Following the lead of the court in Vemiero we also find that due process requires the prosecution to prove the facts by clear and convincing evidence, rather than merely by a preponderance of the evidence. As the Third Circuit stated:
Because ‘the possible injury to the individual [registrant] is significantly greater then any possible harm to the state,’ the registrant, consistent with due process, cannot ‘be asked to share equally with society the risk of error. [Addington v.

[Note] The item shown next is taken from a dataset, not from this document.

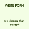 Description: Plain print: WRITE PORN (it's cheaper than therapy!)
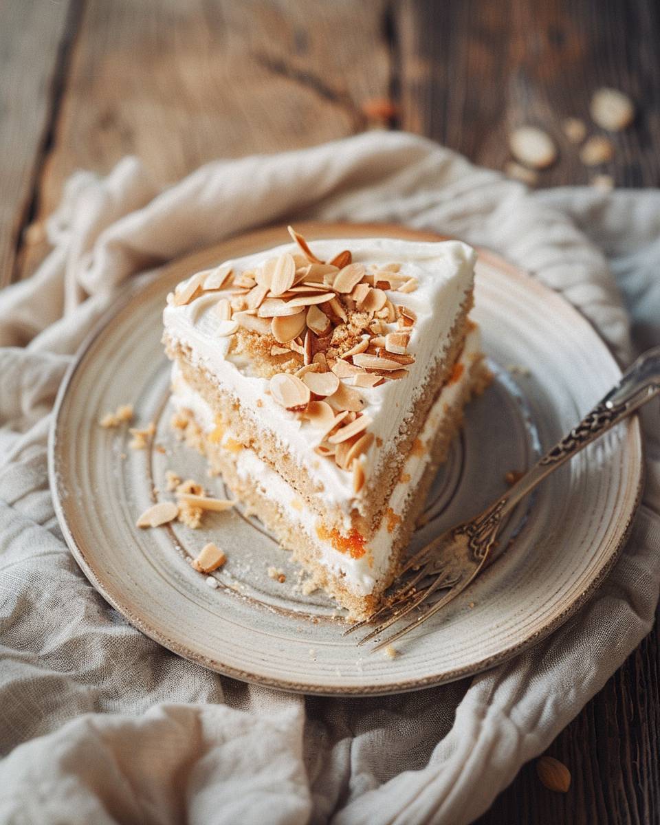 photography food styling, macro close-up shot: Almond Orange Cake on a wooden table, boho decoration, beige colors, morning lighting + shadows, kodak portra 400 --ar 4:5 --style raw --v 6.0

Texas, 441 U.S. 418, 99 S.Ct. 1804, 60 L.Ed.2d 323 (1979) ] 441 U.S. at 427[, 99 S.Ct. 1804]. It necessarily follows that the Due Process Clause requires that the state prove its case by clear and convincing evidence in a Megan’s Law proceeding.
Verniero, 119 F.3d at 1077.
This high standard of proof is constitutionally required where, as here, the designation of one as a “sexually violent predator” is separate and distinct from both the trial and sentencing and entails a fact-finding function.
For these reasons we conclude that the due process clause of the federal constitution is violated by the provisions of the Act which requires the offender to rebut a presumption and which do not impose upon the prosecution the burden of persuasion by clear and convincing evidence. As a consequence, we strike as unconstitutional § 9794 of Title 42 and all remaining sections of the Act which refer to the designation of a “sexually violent predator.” Accordingly, we reverse Appellant’s conviction for endangering the welfare of children and we vacate the judgment of sentence on Appellant’s remaining convictions and remand for resentencing absent application of the provisions of the Act.
McEWEN, President Judge, files a concurring statement.
FORD ELLIOTT and JOYCE, JJ., file concurring and dissenting opinions.
ORIE MELVIN, J., files a concurring opinion.
. Appellant makes no challenge in this appeal to his classification as a "high risk dangerous offender” or to the mandatory sentencing provisions applicable to this classification, therefore such matters will not be considered in this appeal.
. Appellant lists the following constitutional challenges: 1.) whether the adjudication and notification requirements of the Act violate the double jeopardy clauses of the Pennsylvania and United States Constitution; 2.) whether the Act violates substantive due process; 3.) whether the sexually violent predator provisions are unconstitutionally vague; 4.) whether the sexually violent predator provisions subject defendants to cruel and unusual punishment prohibited by the state and federal constitutions; 5.) whether the Act violates procedural due process because it fails to afford the defendant any opportunity to be heard and because it imposes the burden of persuasion on the defendant; and 6.) whether the notification requirements of the Act violate state and federal rights to privacy.